This morning, the chief executives of Britain’s top banks were summoned to Downing Street to meet with Chancellor Alistair Darling, where he demanded that they pass on the rate cut to customers with immediate effect.
So far, Abbey, Bradford & Bingley and Lloyds TSB have announced that they will pass the full 1.5% rate cut to their tracker and standard variable rate (SVR) customers.
Since the breakfast meeting at No.10, however, the Nationwide, HBOS, the RBS/NatWest group and Northern Rock have all announced that they will cut their SVR rates by the full 1.5% on 1 December.
Nationwide is cutting its base mortgage rate by 1.5%, from 6.19% to 4.69%. RBS/NatWest is reducing its SVR by the same amount, from 6.69% to 5.19%.
Furthermore, HBOS is reducing its SVR from 6.50% to 5.00%, while the Nationwide said its borrowers would be considerably better off.
The decision from the banks has been welcomed by Prime Minister Gordon Brown who said families and businesses will now benefit.

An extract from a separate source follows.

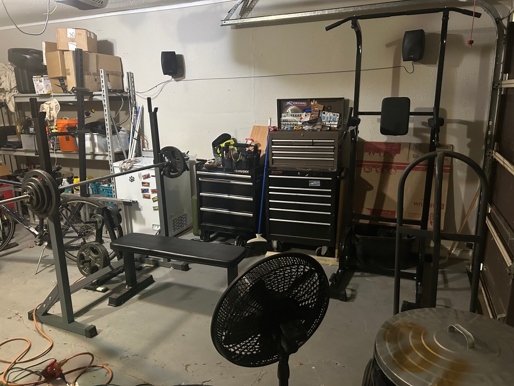 The big improvement is the speakers, tied to a meaty Bluetooth amp. I was carrying my Bose Bluetooth speaker in when I lifted. It’s nice to have tunes built in once again. That, along with a general cleaning up of the pigsty that was there has made life awesome.

Since the interest rate cut, however, around 30 lenders withdrew their tracker mortgage products from the market and it is likely that the few remaining will be withdrawn over the weekend.
The Bank of England’s decision to slash interest rates by 1.5% yesterday takes interest rates to 3% - the lowest level in over 50 years.
In the meantime, the three-month sterling Libor rate, a rate critical to the UK mortgage market, has today fallen from 5.56% to 4.49% - its lowest level since the end of 2005.